31,30.0,"frozenset({'frozen vegetables', 'shrimp', 'min...",0.0071990401279829,[OrderedStatistic(items_base=frozenset({'shrim...
49,48.0,"frozenset({'olive oil', 'spaghetti', 'milk'})",0.0071990401279829,[OrderedStatistic(items_base=frozenset({'spagh...
39,38.0,"frozenset({'mineral water', 'herb & pepper', '...",0.0066657778962804,[OrderedStatistic(items_base=frozenset({'miner...
35,34.0,"frozenset({'tomatoes', 'frozen vegetables', 's...",0.0066657778962804,[OrderedStatistic(items_base=frozenset({'froze...
40,39.0,"frozenset({'spaghetti', 'herb & pepper', 'grou...",0.0063991467804292,[OrderedStatistic(items_base=frozenset({'spagh...
33,32.0,"frozenset({'frozen vegetables', 'shrimp', 'spa...",0.0059992001066524,[OrderedStatistic(items_base=frozenset({'froze...
44,43.0,"frozenset({'spaghetti', 'shrimp', 'ground beef'})",0.0059992001066524,[OrderedStatistic(items_base=frozenset({'shrim...


# Explanation


The provided data shows association rules discovered by applying the Apriori algorithm to a dataset of transactions. Let's break down the information:

    Items: This column shows the combination of items that are found together in transactions. Each row represents a specific combination of items.

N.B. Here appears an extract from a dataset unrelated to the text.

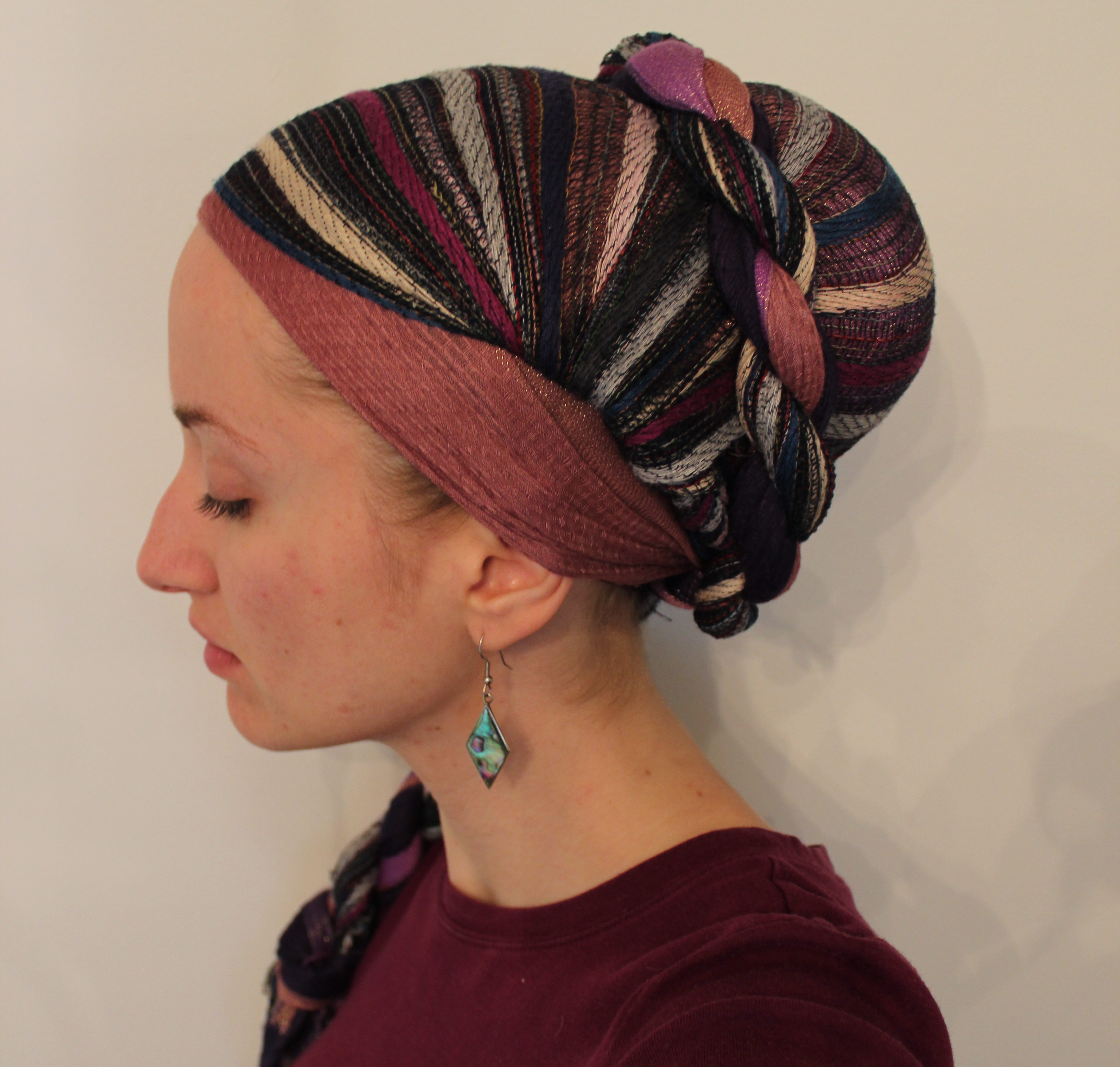 3) You might want to buy a volumizer, a padded cotton cap that goes under the tichel and gives a fuller look (as if you have scads of thick beautiful hair underneath!).

    Support: Support is a measure of how frequently an itemset appears in the dataset. It indicates the proportion of transactions in which the itemset appears.

    Ordered_Statistics: This column contains detailed information about the association rule, including:
        Items_Base: The antecedent (or left-hand side) of the association rule.
        Items_Add: The consequent (or right-hand side) of the association rule.
        Confidence: Confidence is a measure of the reliability of the rule. It indicates the likelihood that the consequent appears in a transaction given that the antecedent appears.
        Lift: Lift measures how much more likely the consequent is to be found in transactions containing the antecedent compared to its expected frequency. A lift greater than 1 indicates that the antecedent and consequent appear together more often than expected by chance.

Let's interpret the first association rule:

    Items: 'light cream' and 'chicken'
    Support: 0.0045
    Ordered_Statistics: Confidence=0.2906, Lift=4.8439

Interpretation:

    The association rule indicates that there is a support of 0.0045 for transactions containing both 'light cream' and 'chicken'.
    The confidence of the rule is 0.2906, which means that 29.06% of transactions containing 'light cream' also contain 'chicken'.
    The lift of the rule is 4.8439, which means that transactions containing both 'light cream' and 'chicken' are approximately 4.84 times more likely than transactions containing 'chicken' alone. This indicates a strong positive association between 'light cream' and 'chicken'.




# Another example

    Association Rule: {light cream} -> {chicken}
    Support: 0.0045
    Confidence: 0.2906
    Lift: 4.8439

Interpretation:

    The association rule indicates that there is a support of 0.0045 for transactions containing both 'light cream' and 'chicken'.
    The confidence of the rule is 0.2906, which means that 29.06% of transactions containing 'light cream' also contain 'chicken'.
    The lift of the rule is 4.8439, which means that transactions containing both 'light cream' and 'chicken' are approximately 4.84 times more likely than transactions containing 'chicken' alone. This indicates a strong positive association between 'light cream' and 'chicken'.

# How to choose the best association?

High Support: Look for association rules with high support values. High support indicates that the itemset occurs frequently in the dataset, making the rule more reliable.

High Confidence: Focus on association rules with high confidence values. High confidence indicates that the consequent is likely to occur when the antecedent is present. Rules with high confidence are more reliable and have a stronger predictive power.

Significant Lift: Look for association rules with lift values significantly greater than 1. A lift greater than 1 indicates that the antecedent and consequent occur together more frequently than expected by chance. Significant lift values suggest a meaningful association between the items.